Trump complains jury selection moving too fast in Manhattan hush money trial

NEW YORK — Former President Donald Trump complained Wednesday about jury selection in his Manhattan hush money case as the trial moves faster than expected toward opening statements.

After prosecutors and defense lawyers agreed on a surprisingly robust total of seven jurors in one day, Trump sought to tap the brakes on the process that seemed to be going remarkably smoothly.

The first former president to face a criminal trial said he should be allowed to reject as many jurors as he wants if he suspects the Manhattan residents aren’t going to give him a fair shake.

“I thought STRIKES were supposed to be “unlimited” when we were picking our jury?” Trump wrote on his social media site. “I was then told we only had 10, not nearly enough.”

He denounced Manhattan as the “2nd worst venue” for a trial, apparently comparing it with Washington, D.C., where he will face a separate federal election interference trial.

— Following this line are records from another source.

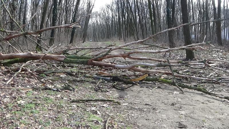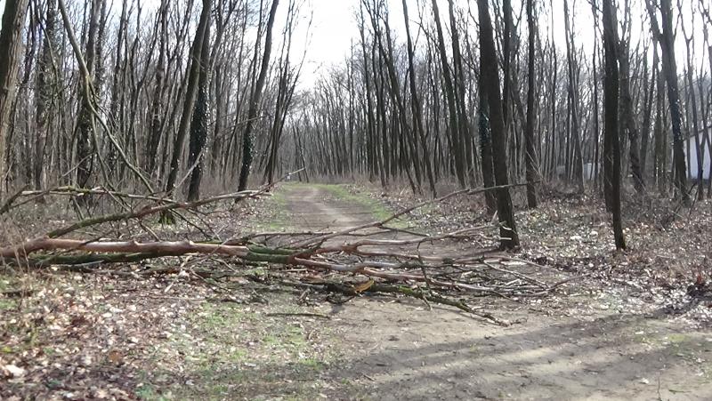 Erdei tanösvényre dőlt ki egy kiszáradt fa a Sóstói-erdőben
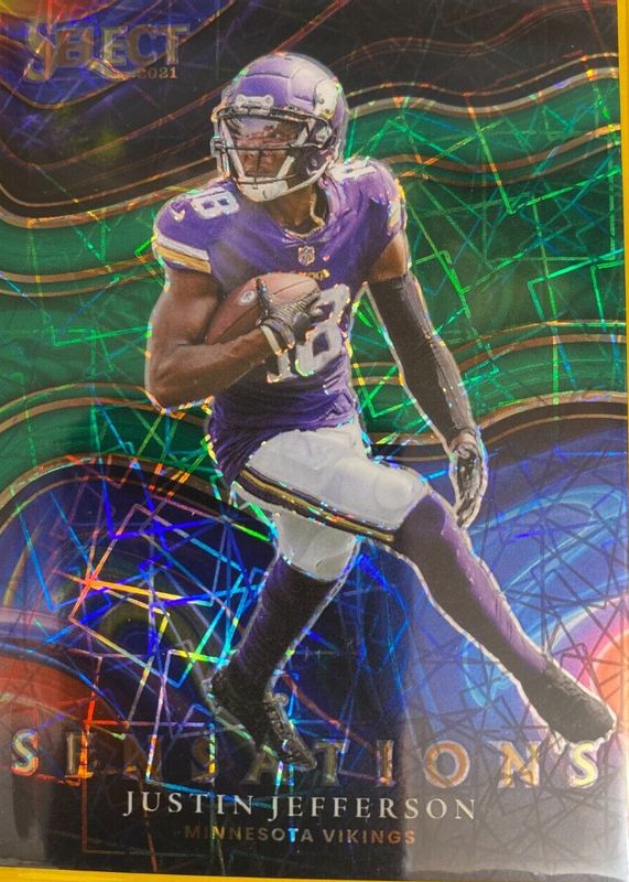 This card is 1 of 27 Justin Jefferson's card variations in the 2021 Select set being tracked by Sports Card Investor, including Artistic Selections /(SSP), Phenomenon - Zebra /(SSP), Select Numbers - Zebra /(SSP), Sensations - Zebra /(SSP), and Snapshots - Zebra /(SSP).
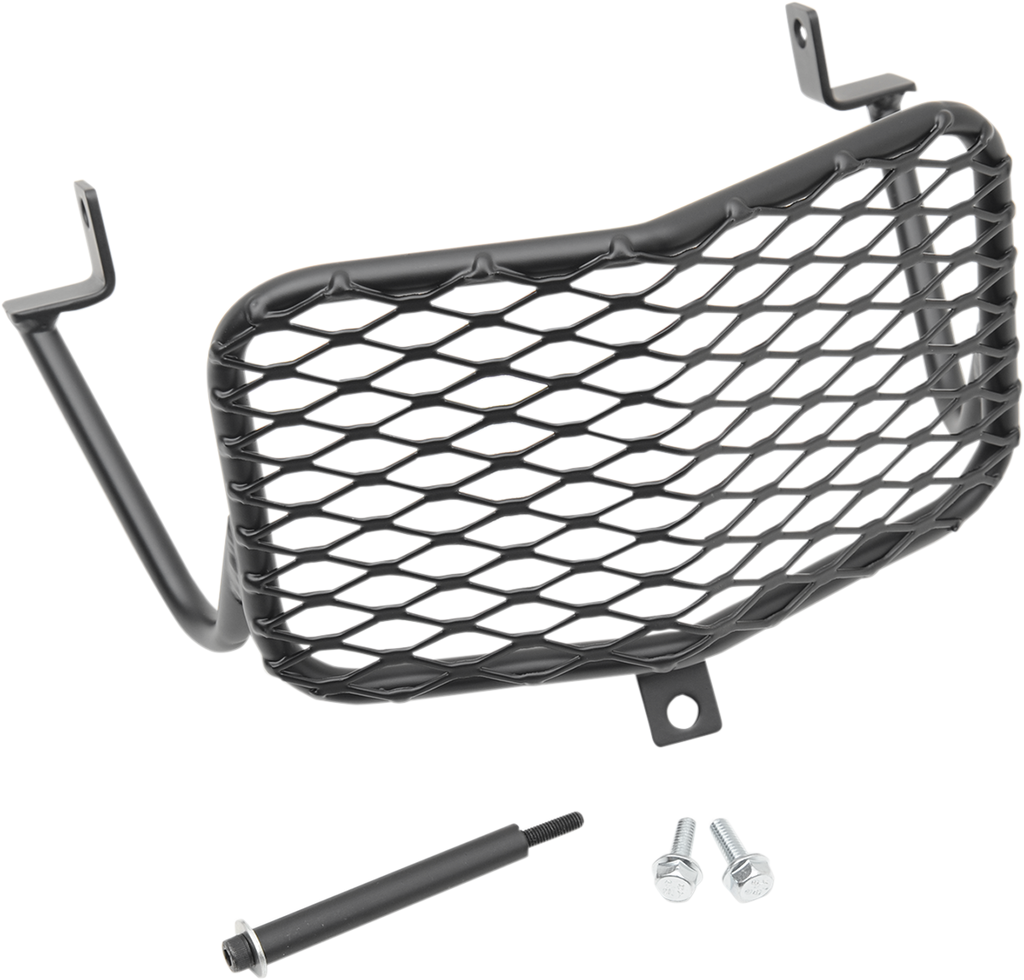 Fabricated from mild steel and expanded metal, This guard will protect the headlight from flying debris, Powder-coated flat black, Light weight with limited reduction in light output, Easy installation with all required hardware provided, Made in the U.S.A.

So far, Trump’s defense and prosecutors have each used six out of 10 allowed so-called strikes to dismiss jurors they suspect may be problematic for their side.

Trump and his supporters have complained for weeks that the Manhattan trial was unfair because it would take the presumptive Republican presidential nominee off the campaign trail for too long.

Now that Judge Juan Merchan appears to be shepherding the trial faster than expected, he has flip-flopped to complaining about it being a rush job.

“He’s rushing this trial, doing everything he can for the Democrats,” Trump told reporters late Tuesday.

Some legal analysts predicted it would take a couple of weeks or more to pick a jury in the case. Now it looks like they could finish this week, in time for the trial to kick off in earnest on Monday.